_ABOUT THIS EXERCISE_: What is needed is an exact copy of the whole listing below, with no pictures.

━━━ THE DATA

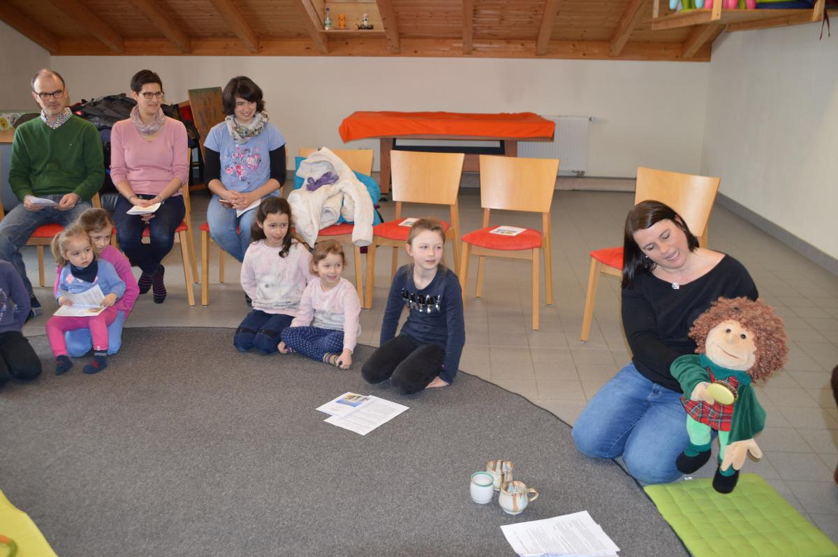 Zu Beginn war die Handpuppe "Luzie" zu besuch. Sie hatte einen Kamm dabei und machte sich besonders hübsch. Im Dialog mit Luzie arbeiteten wir heraus, warum sie sich so hübsch macht und auf welches besondere Fest sie wohl geht? Luzie machte sich für eine Hochzeit schick und so leiteten wir über, dass in der Bibel auch eine Geschichte erzählt wird, in der Jesus auf einer Hochzeit ist.
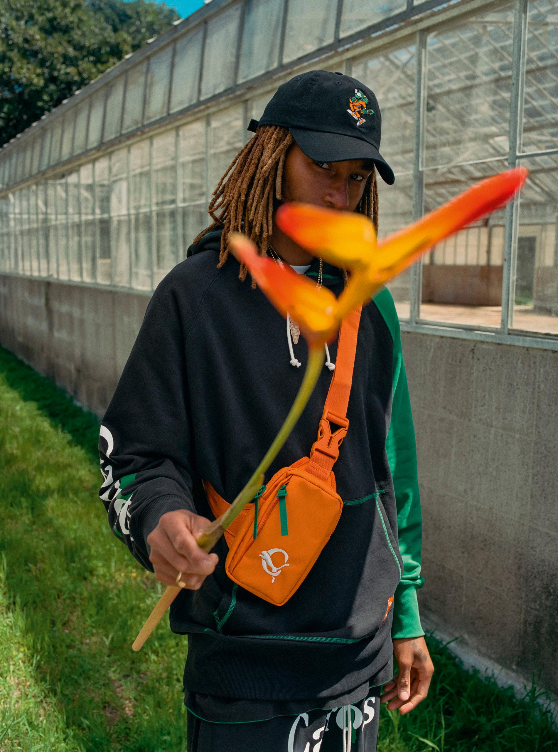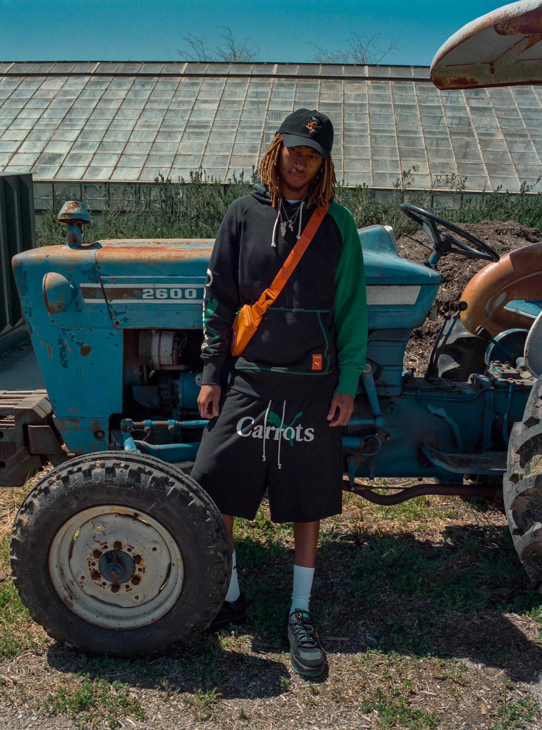 The clothing collection consists of cut-and-sewn items such as a hoodie and shorts. We also see a rugby shirt passing by, as well as a graphic tee, a cap, and a waistbag. Like the sneakers, the collection combines Carrots and PUMA logos in orange and shades of green.
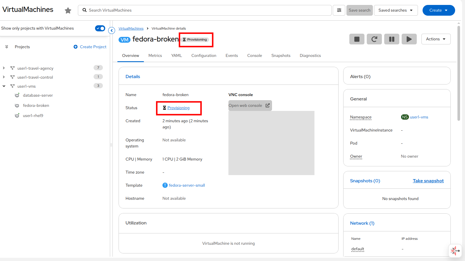 Why is the VM fedora-broken in the userX-vms project failing to boot?
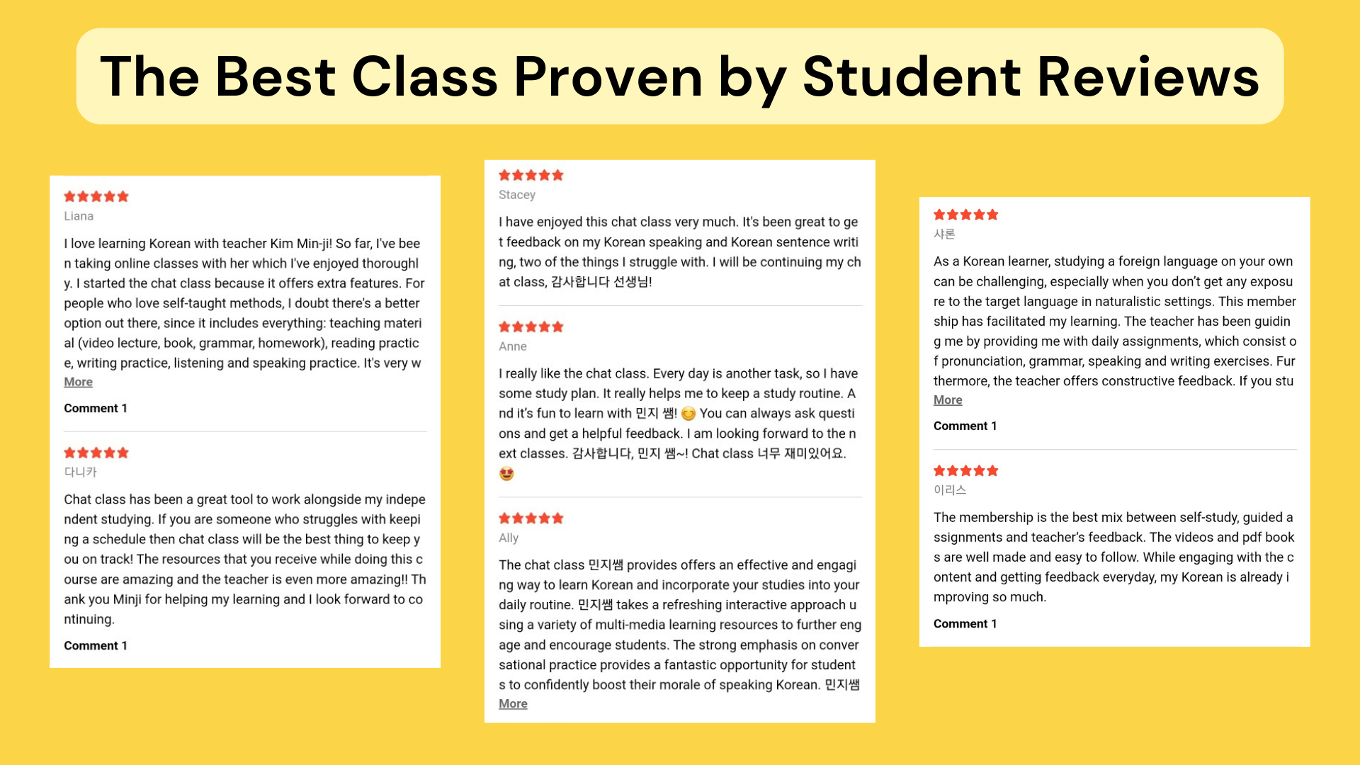 With homework videos, expression explanation video lessons, and textbooks provided, you can easily learn Korean in Chat Class.

━━━━━━

_WRITTEN REPLY_:
 Zu Beginn war die Handpuppe "Luzie" zu besuch. Sie hatte einen Kamm dabei und machte sich besonders hübsch. Im Dialog mit Luzie arbeiteten wir heraus, warum sie sich so hübsch macht und auf welches besondere Fest sie wohl geht? Luzie machte sich für eine Hochzeit schick und so leiteten wir über, dass in der Bibel auch eine Geschichte erzählt wird, in der Jesus auf einer Hochzeit ist.
 The clothing collection consists of cut-and-sewn items such as a hoodie and shorts. We also see a rugby shirt passing by, as well as a graphic tee, a cap, and a waistbag. Like the sneakers, the collection combines Carrots and PUMA logos in orange and shades of green.
 Why is the VM fedora-broken in the userX-vms project failing to boot?
 With homework videos, expression explanation video lessons, and textbooks provided, you can easily learn Korean in Chat Class.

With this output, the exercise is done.